*** Available records Section Begins ***
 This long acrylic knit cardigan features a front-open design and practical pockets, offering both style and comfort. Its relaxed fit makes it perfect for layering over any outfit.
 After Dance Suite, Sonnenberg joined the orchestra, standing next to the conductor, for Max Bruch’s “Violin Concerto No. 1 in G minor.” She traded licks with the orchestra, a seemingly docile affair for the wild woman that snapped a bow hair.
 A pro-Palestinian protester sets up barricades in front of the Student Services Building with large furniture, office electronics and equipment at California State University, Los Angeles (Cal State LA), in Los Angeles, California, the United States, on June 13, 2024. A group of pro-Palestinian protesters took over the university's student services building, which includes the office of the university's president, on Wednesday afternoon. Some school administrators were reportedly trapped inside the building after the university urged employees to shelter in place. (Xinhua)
*** Available records Section Ends ***
*** Available records Section Begins ***
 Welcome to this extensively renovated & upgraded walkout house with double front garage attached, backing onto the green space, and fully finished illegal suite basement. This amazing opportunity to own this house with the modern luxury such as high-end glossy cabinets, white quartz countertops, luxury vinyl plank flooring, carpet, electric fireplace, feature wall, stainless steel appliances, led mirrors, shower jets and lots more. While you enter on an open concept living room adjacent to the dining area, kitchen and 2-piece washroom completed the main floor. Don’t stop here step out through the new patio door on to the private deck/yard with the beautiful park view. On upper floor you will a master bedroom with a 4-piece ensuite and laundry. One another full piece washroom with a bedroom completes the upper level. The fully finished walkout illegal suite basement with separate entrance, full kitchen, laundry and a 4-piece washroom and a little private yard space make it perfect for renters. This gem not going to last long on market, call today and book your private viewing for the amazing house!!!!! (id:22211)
*** Available records Section Ends ***
*** Available records Section Begins ***
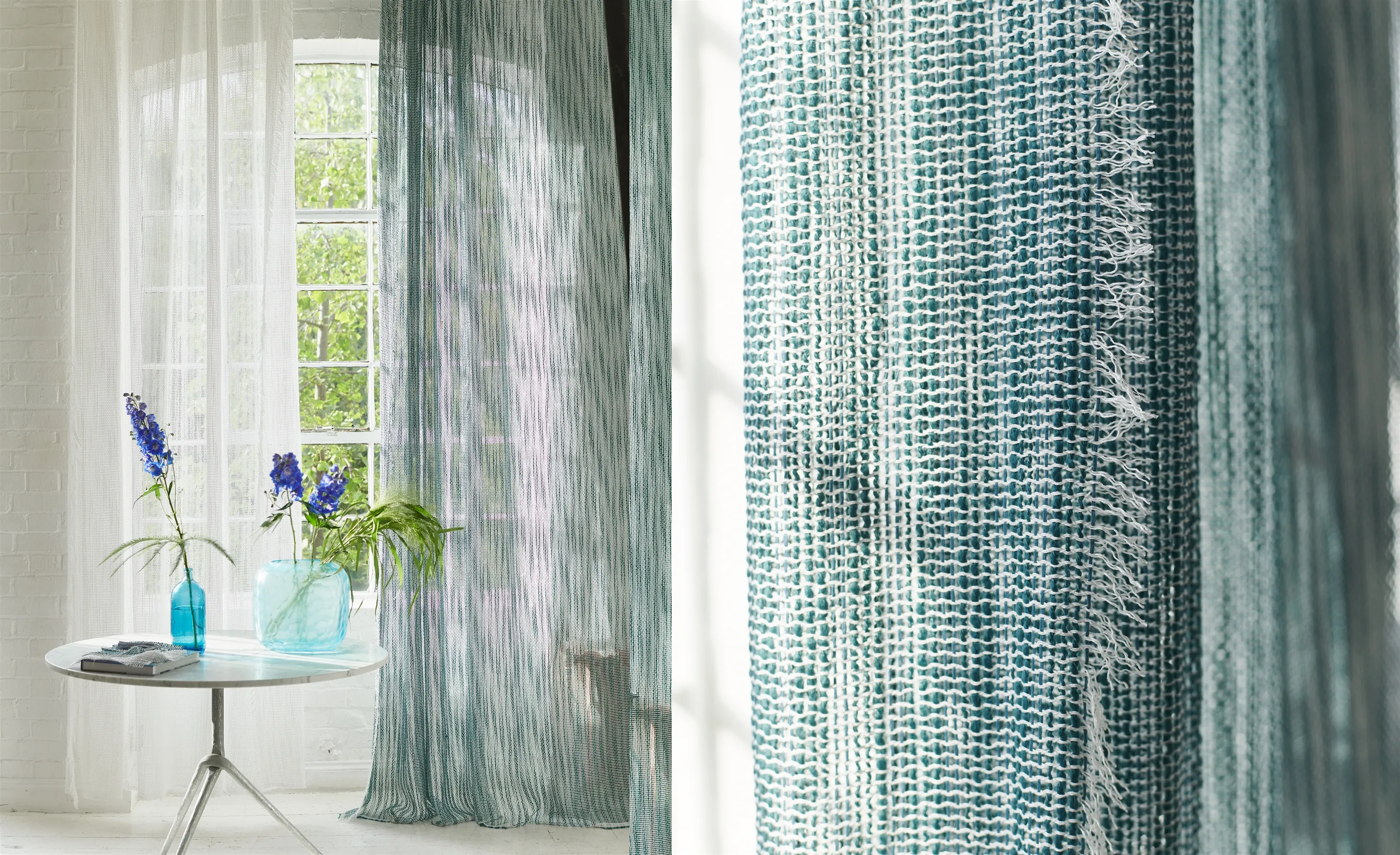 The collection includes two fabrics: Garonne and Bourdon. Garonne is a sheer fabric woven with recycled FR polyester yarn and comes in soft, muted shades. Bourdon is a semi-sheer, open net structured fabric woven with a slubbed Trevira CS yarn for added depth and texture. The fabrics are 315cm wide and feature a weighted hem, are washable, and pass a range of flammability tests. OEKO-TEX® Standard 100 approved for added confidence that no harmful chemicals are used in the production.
*** Available records Section Ends ***
Brief
Take the word "over" and find each line of the material that contains it. Copy those lines.

Result for this task
 This long acrylic knit cardigan features a front-open design and practical pockets, offering both style and comfort. Its relaxed fit makes it perfect for layering over any outfit.
 A pro-Palestinian protester sets up barricades in front of the Student Services Building with large furniture, office electronics and equipment at California State University, Los Angeles (Cal State LA), in Los Angeles, California, the United States, on June 13, 2024. A group of pro-Palestinian protesters took over the university's student services building, which includes the office of the university's president, on Wednesday afternoon. Some school administrators were reportedly trapped inside the building after the university urged employees to shelter in place. (Xinhua)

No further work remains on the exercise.